Finding Myself Through Reading
I am part of the crowd having kids a little later than “they used to.” I don’t mind telling you I was 29 when I had my first and 32 when my second was born. It was a great decision and I would do it the same every time.
There was an interesting side effect though. I lived enough time as an adult to have a solid idea of who I was before I had kids. (Well, I thought I did anyway. Those sorts of things definitely change.) So when I had my first child and left my (terrible) job to stay home with her, my entire life became about her. Again, I would not change that.
What I noticed though, was that the longer I stayed home being a full-time mom, and I do mean Full-Time, I started to be less “me.” I still wrote sometimes and read sometimes but it wasn’t the same. Even after I joined a writing group and had a couple successful NaNoWriMos under my belt something was still missing.

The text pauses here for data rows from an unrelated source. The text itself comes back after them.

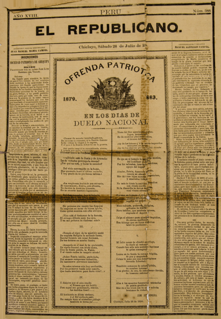 Otra nota, titulada “Partido Constitucional” (Año XXI, 14 de enero de 1893), inserta información respecto a la reorganización de la Junta Directiva del Partido Constitucional (fundada por Andrés A. Cáceres) en el distrito de Monsefú, manifestándose en contra de la Unión Cívica y de sus pretensiones políticas. Por otro lado, en el artículo “Cuba libre” ([31 de marzo de 1896], deteriorado) encontramos una reflexión conmemorativa respecto a la guerra de independencia cubana. Otro texto (Año I, nro. 259, 6 de agosto de 1900, deteriorado) nos brinda información respecto a la Liga de Librepensadores, primera organización anticlerical del Perú, que realizó su primera conferencia en Chiclayo.
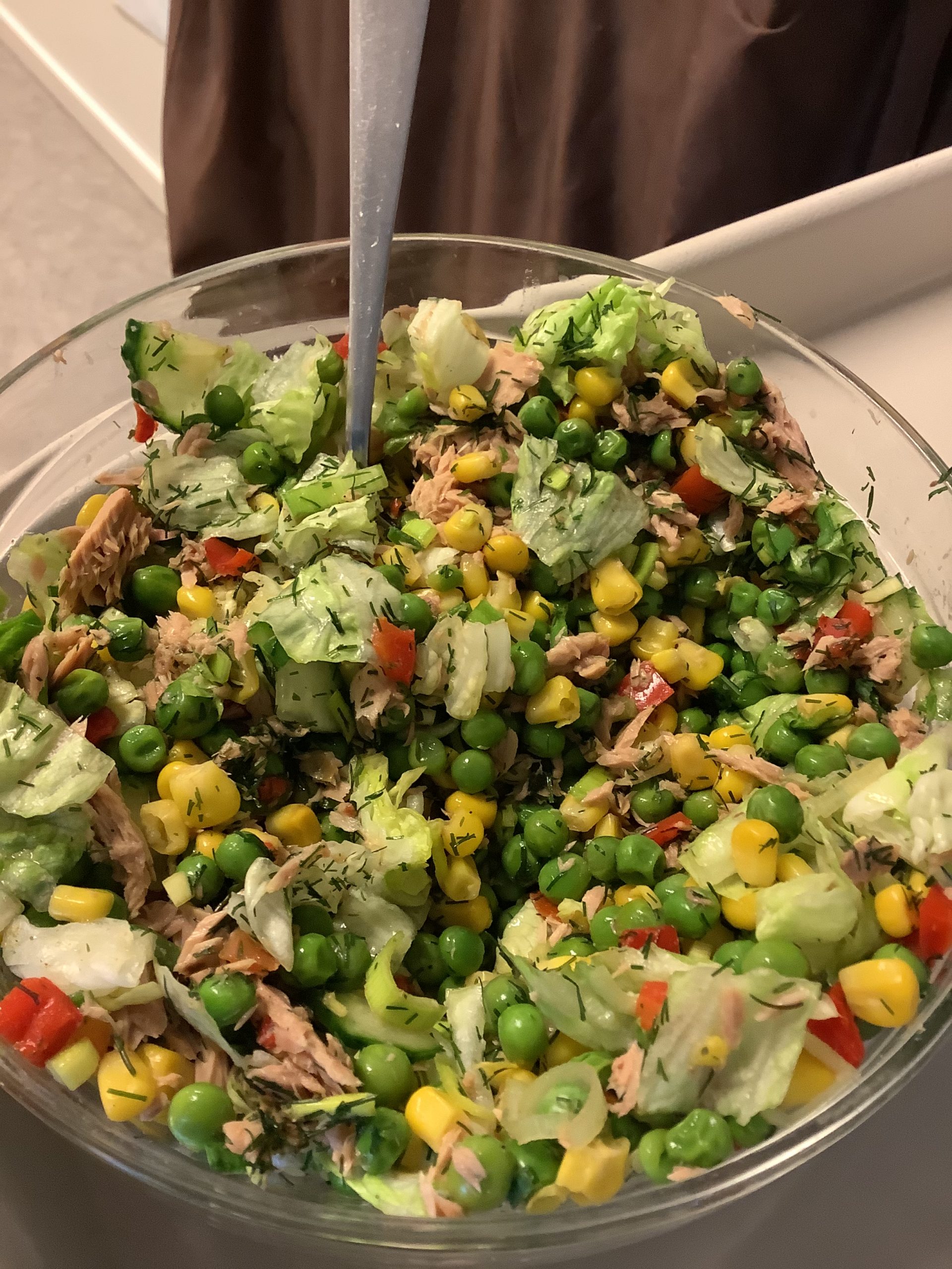 Fredag | Smörgås, knäckebröd, ägg, pålägg, grönsak, frukt, mjölk/vatten | Grillade kycklingfiléer som marinerats och sedan grillas i ugnen serveras med ris, dressing och en fräsch sallad. Hoppas att ni alla får en fin helg och var rädda om varandra! | Smoothie med banan och frukt, smörgås |
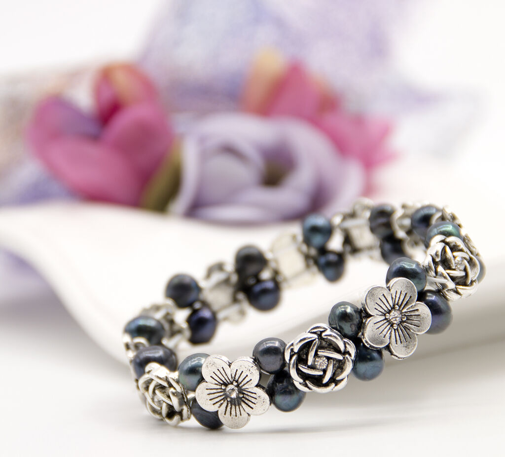 Náramek ve vintage stylu ozdobený říčními perlami se bude vyjímat na ruce každé romantické ženy a dívky.
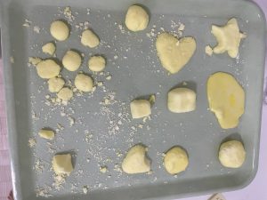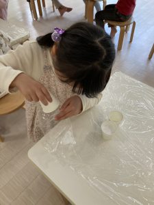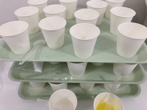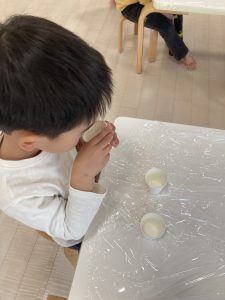 そして、重曹・コーンスターチ・クエン酸をそれぞれ入れた紙コップをお子さまたちに配り、
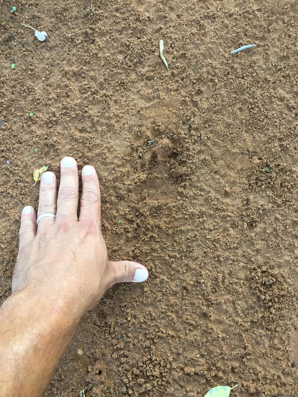 What on earth…? My immediate thought was a hyena came through our side fence that is still down. So I did a bit of CSI trying to find out what happened. I could not see a single track at the fence on the side of the house. Nor could I see much in the immediate surroundings of the crime scene. I did find an interesting track that wasn’t hyena. Could a honey badger have made off with half of Steven’s flip flop? I decided to wait until Steven was up to see if he could piece together the events of the evening.
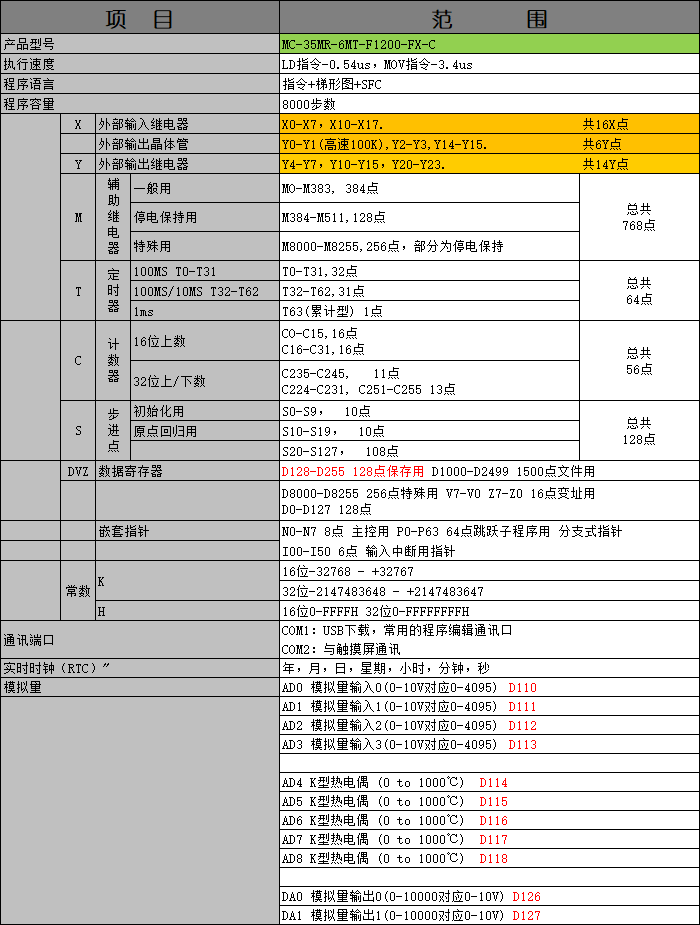 产品选型表
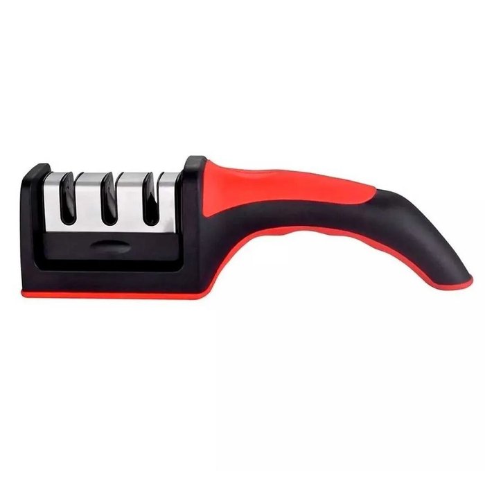 Afiador de Facas 3 Níveis em Aço Inox 21,5cm Prata, Preto com Vermelho
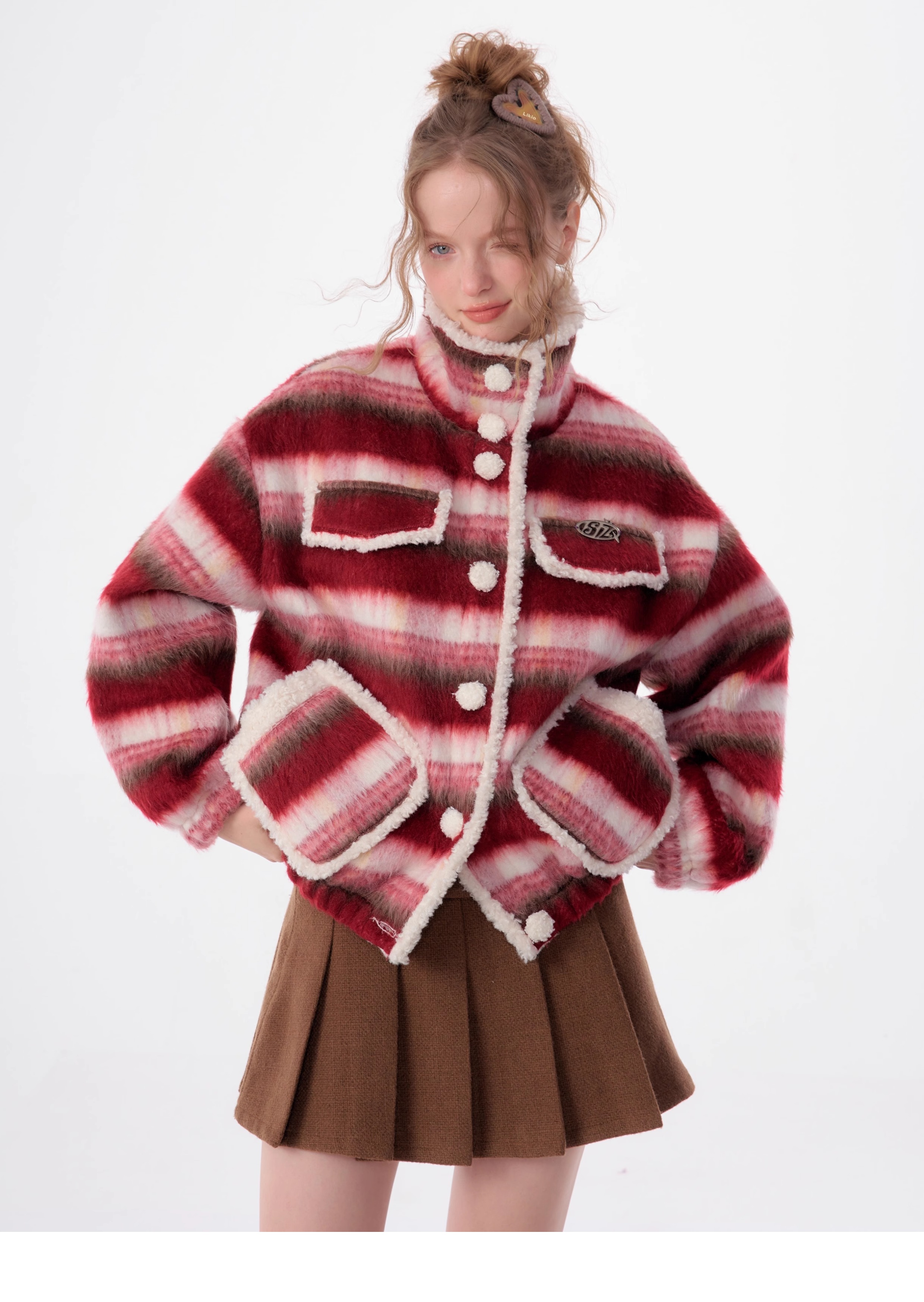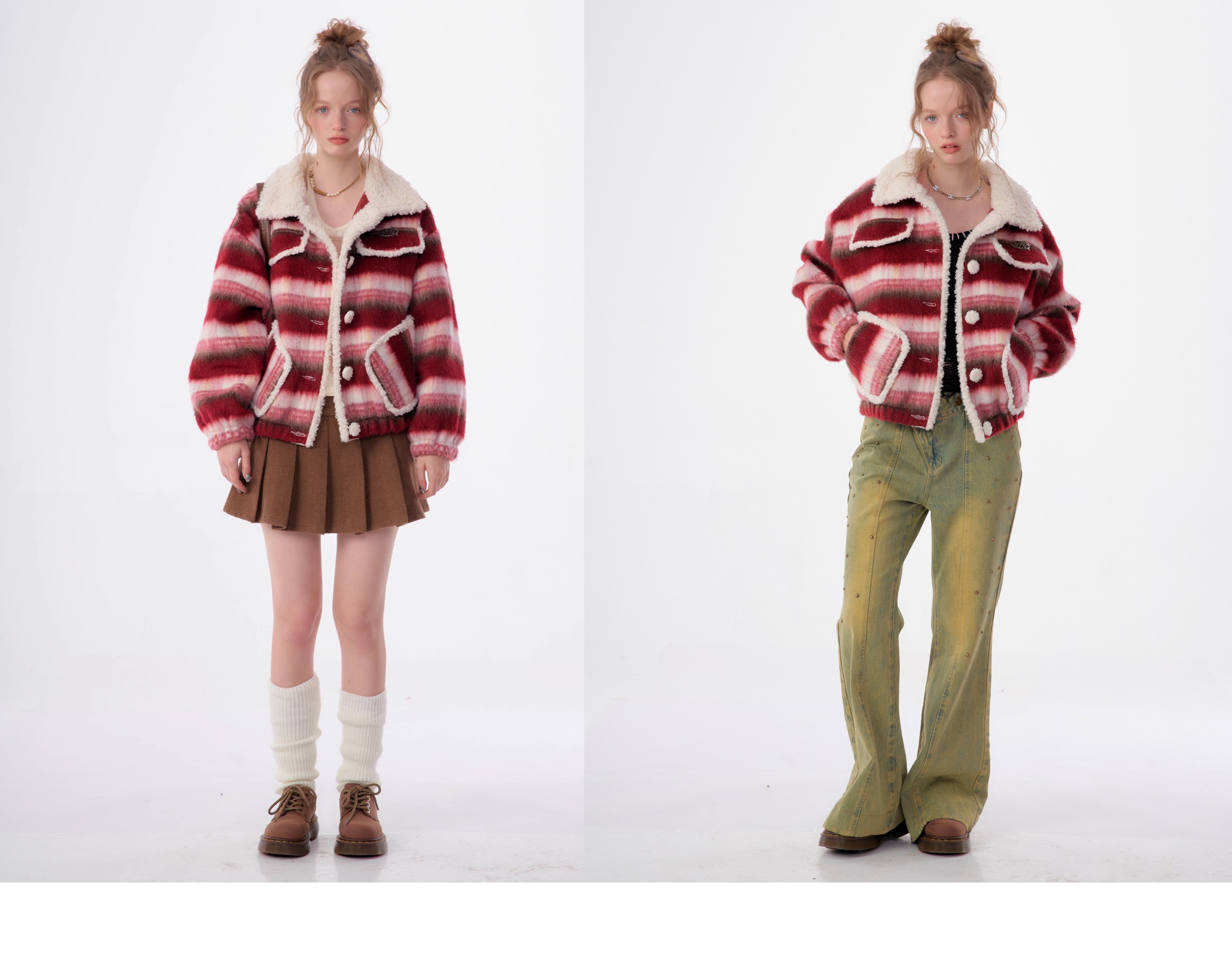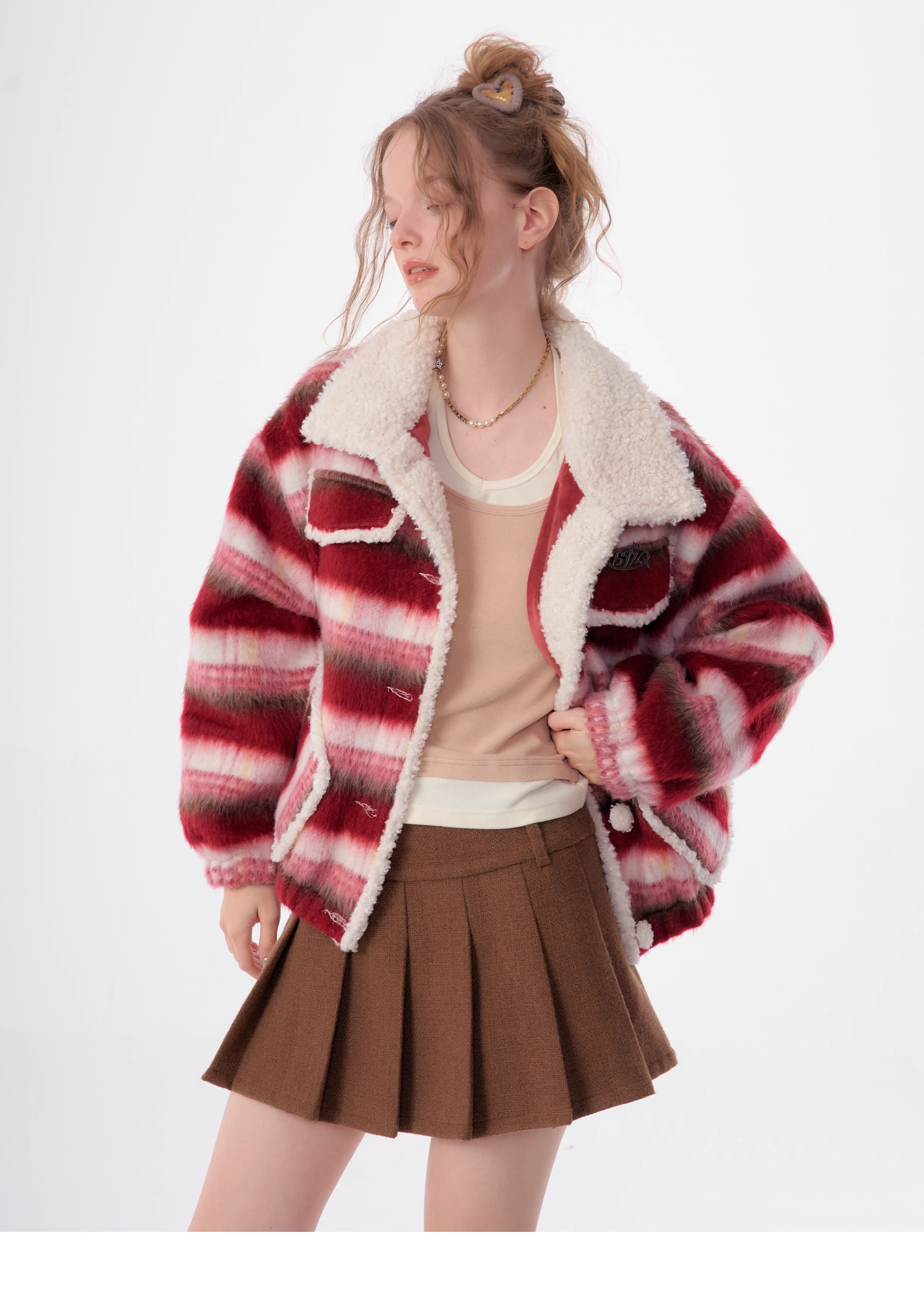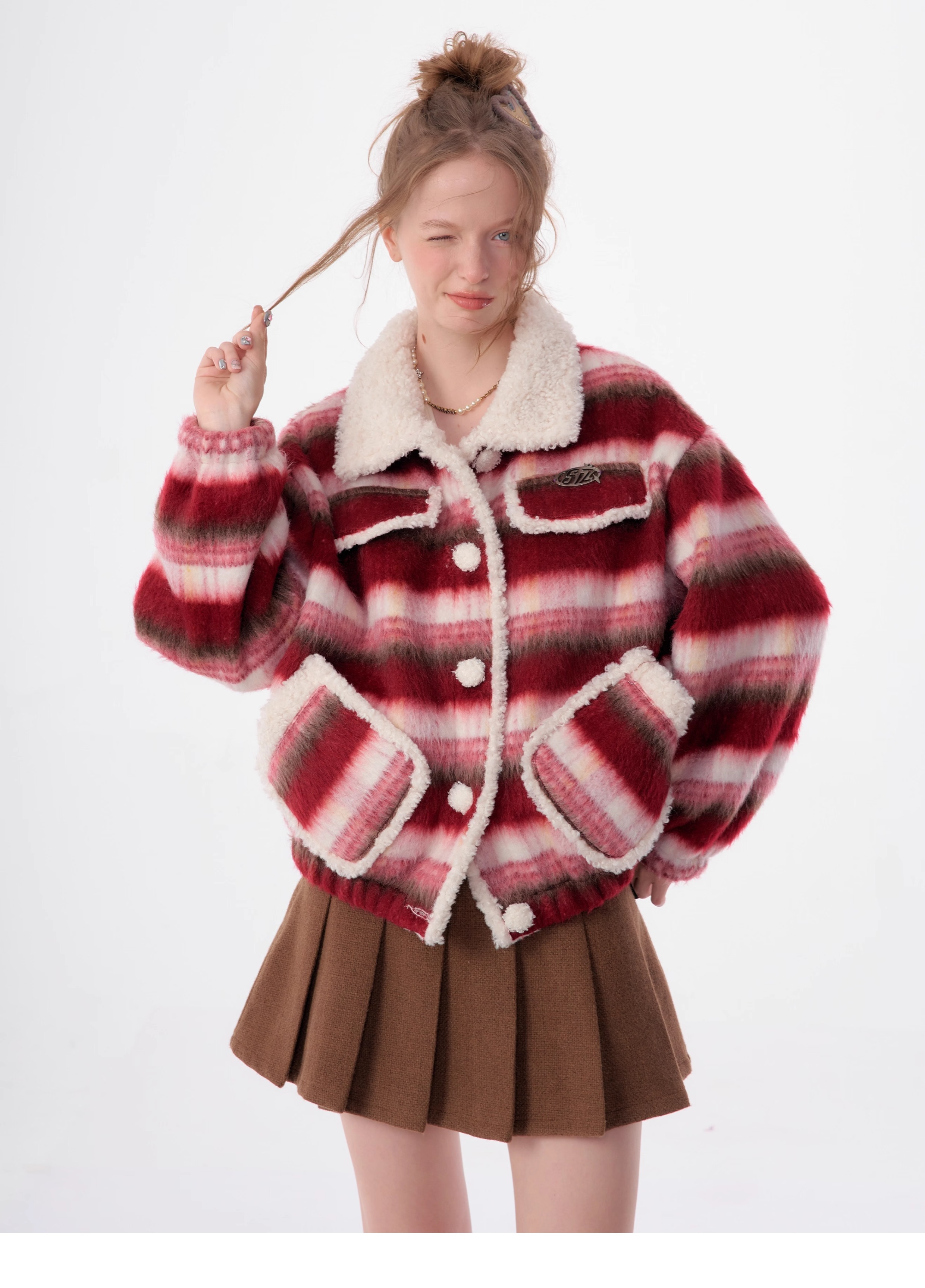 Red Striped Wool Coat | Retro Rabbit Pattern Christmas Design for Autumn/Winter
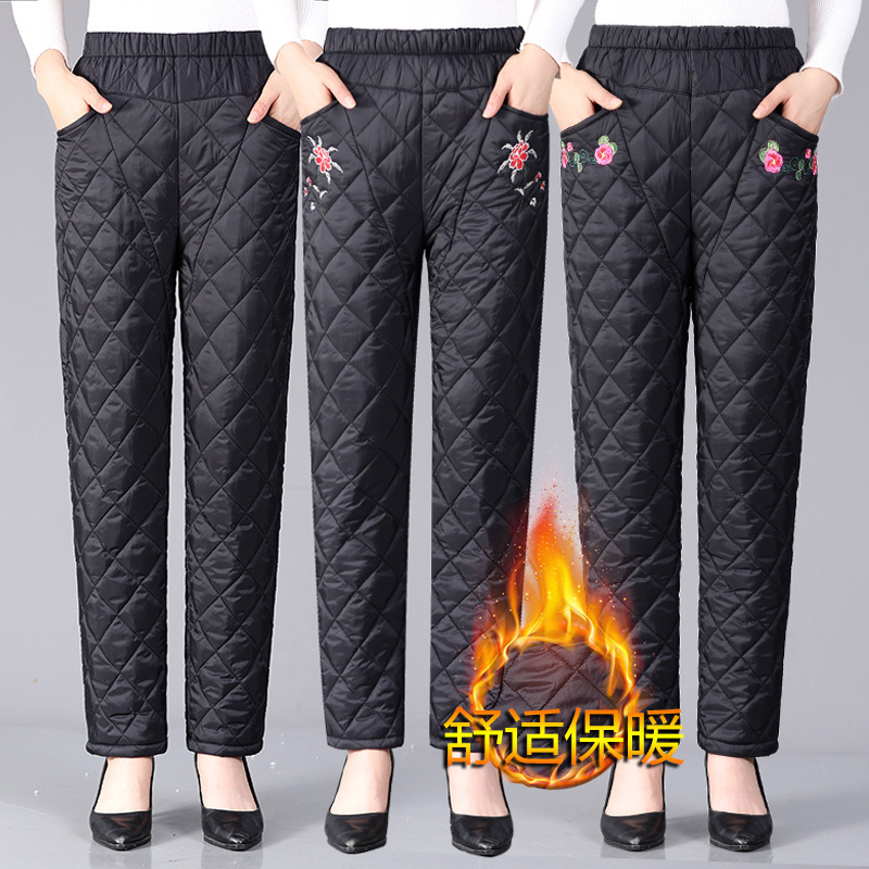 お母さんの冬用長ズボン、ダウンコットン、格子柄、ゴムウエスト、ハイウエスト、カジュアルレディースパンツ、アウター、中高年向け、保温性

I started forging a new me when I discovered conventions. It was glorious. I talked to people (a major deal for me) and learned new things and read more books. Well, I added more books to my list. The actual reading time dropped significantly a month out from the convention.
But last year something clicked. My kids are a little more independent, I played fewer games on my phone, I got more into graphic novels. I read way more than I had in previous years. And I felt more like the old me.
I felt like the girl who walked to school while reading a book. The girl who had a special book for breakfast and one for bedtime. I remembered the joy of consuming story after story.
I’m still a Full-Time mom and I’m also a burgeoning author. I’m tiptoeing my way into fandom via conventions and Twitter. I’m figuring out who I am.
But I’m also remembering who I am. And I am a reader.
Has anyone else had a rekindled relationship with reading lately?